Following transplant, it is imperative that all clinicians caring for the patient are aware of the use of OAT, which may necessitate higher-than-average dosing secondary to tolerance and hyperalgesia. Close monitoring for symptoms of withdrawal (including sweating, abdominal pain, diarrhea, and cravings) and treating withdrawal by increasing OAT dosing is crucial to preventing adverse outcomes such as splinting, respiratory complications, and altered mental status following transplant. Involvement of the pain service and utilization of varied pain management strategies including patient-controlled anesthesia may be considered, although it should be noted that significant doses and basal rates may be required. Additionally, multimodal analgesia with opioid-alternatives such as regional anesthesia techniques, acetaminophen, ketamine, and lidocaine where appropriate offer further support while avoiding renal damaging nonsteroidal anti-inflammatory drugs. The timing of the opioid taper plan and simultaneous up-titration of patient’s OAT is dependent on patient specific factors such as duration of intubation, intensive care unit stay, and complexity of their surgical case.

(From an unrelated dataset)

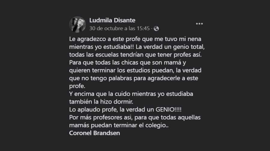 Sin embargo, fueron sus palabras a través de la plataforma de Facebook las que se hicieron eco a través de los medios de comunicación. “¡Le agradezco a este profe que me tuvo a mi nena mientras yo estudiaba! La verdad un genio total», comenzó.

If, for some reason, buprenorphine was stopped completely during the perioperative period, it should be carefully reintroduced to decrease risk of precipitated withdrawal. Strategies to minimize this risk include waiting for mild withdrawal from opioids or use of microdosing.12,16

Discharge Planning

Once a patient is transferred out of the intensive care unit to the floor, coordination among providers is imperative to ensure they return to their home regimen while allowing for adequate pain control. Upon discharge from the hospital, patients should continue to follow with pretransplant OAT providers to ensure continuity of care.

CONCLUSION

Inexperience and lack of empirical data with OAT in the setting of organ transplant has led to apprehension in listing and transplanting patients with OUD. This article aims to provide a systematic, multidisciplinary approach toward the management of these complex patients with the goal to increase organ transplant equity for patients in OUD remission on OAT. Collaborations between the transplant team and addiction or pain services provide valuable insight into safe management of OAT and opioid pain management in the setting of surgery and ensure that patients treated with these medications are able to continue their therapies without interruptions that could otherwise predispose them to risk of recurrence of OUD.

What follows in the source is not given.